In some drilling and production systems, hangers, such as a tubing hanger, may be used to suspend strings of tubing for various flows in and out of the well. Such hangers may be disposed within a wellhead that supports both the hanger and the string. For example, a tubing hanger may be lowered into a wellhead and supported therein. To facilitate the running or lowering process, the tubing hanger may couple to a tubing hanger running tool (THRT). Once the tubing hanger has been lowered into a landed position within the wellhead by the THRT, the tubing hanger may then be rotatably locked into position. The THRT may then be disconnected from the tubing hanger and extracted from the wellhead. Unfortunately, existing systems used to rotatably lock a tubing hanger in place may be complicated and time consuming. Moreover, rotation of the tubing hanger may reduce the effectiveness of seals between the tubing hanger and the Christmas tree.

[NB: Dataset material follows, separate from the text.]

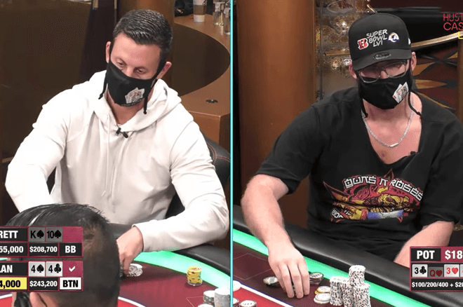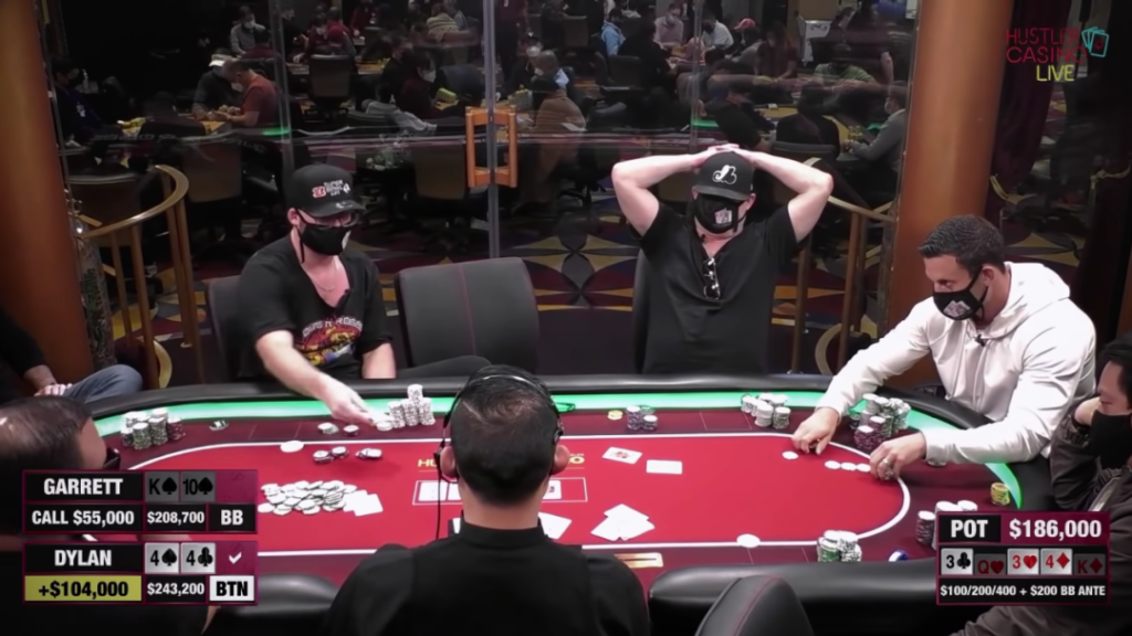 同样是在Hustler娱乐场的直播比赛,Dylan Gang上周用三条J赢下了盖哥的顶对KK,拿下20K底池一举反超成为场上筹码最多的玩家。此时的盖哥其实还剩下大约30K筹码,但他随后还是重新买入了180K让自己的筹码保持全场最高。

Various features, aspects, and advantages of the present invention will become better understood when the following detailed description is read with reference to the accompanying figures in which like characters represent like parts throughout the figures, wherein:
One or more specific embodiments of the present invention will be described below. These described embodiments are only exemplary of the present invention. Additionally, in an effort to provide a concise description of these exemplary embodiments, all features of an actual implementation may not be described in the specification. It should be appreciated that in the development of any such actual implementation, as in any engineering or design project, numerous implementation-specific decisions must be made to achieve the developers' specific goals, such as compliance with system-related and business-related constraints, which may vary from one implementation to another. Moreover, it should be appreciated that such a development effort might be complex and time consuming, but would nevertheless be a routine undertaking of design, fabrication, and manufacture for those of ordinary skill having the benefit of this disclosure.
The disclosed embodiments include a positive lock system and seal assembly system that may be installed without rotation or other complicated and time-consuming processes. As will be explained in detail below, the positive lock system may include a lock ring system and a tool. In operation, the tool may axially energize the seal assembly to form a seal between a first tubular and a second tubular, and then the tool locks/holds the seal assembly in place with the lock ring system. The lock ring system may include a load ring that couples to a first tubular and a lock ring that prevents the load ring from uncoupling from the first tubular. During installation, the tool axially engages the lock ring to drive the lock ring into contact with the load ring. The contact between the load ring and the lock ring forces the load ring radially outward or inward as the lock ring contacts the load ring. In this manner, a simple axial motion couples the load ring to a tubular while simultaneously locking the load ring in place. In some embodiments, the lock or load ring may include protrusions that increase pressurized contact between the lock ring and the load ring to resist axial movement of the lock ring.
The wellhead hub 18 generally includes a large diameter hub that is disposed at the termination of the well-bore 20. The wellhead hub 18 provides for the connection of the wellhead 12 to the well 16. The wellhead 12 typically includes multiple components that control and regulate activities and conditions associated with the well 16. In the illustrated embodiment, the wellhead 12 includes a casing spool 22, a tubing spool 24, a hanger 26 (e.g., a tubing hanger or a casing hanger), and a blowout preventer (BOP) 27. However, the system 10 may include other devices that are coupled to the wellhead 12, and devices that are used to assemble and control various components of the wellhead 12. For example, in the illustrated embodiment, the system 10 includes a tool 28 suspended from a drill string 30. In certain embodiments, the tool 28 includes a running tool and/or a hydraulic locking tool that is lowered (e.g., run) from an offshore vessel to the well 16 and/or the wellhead 12.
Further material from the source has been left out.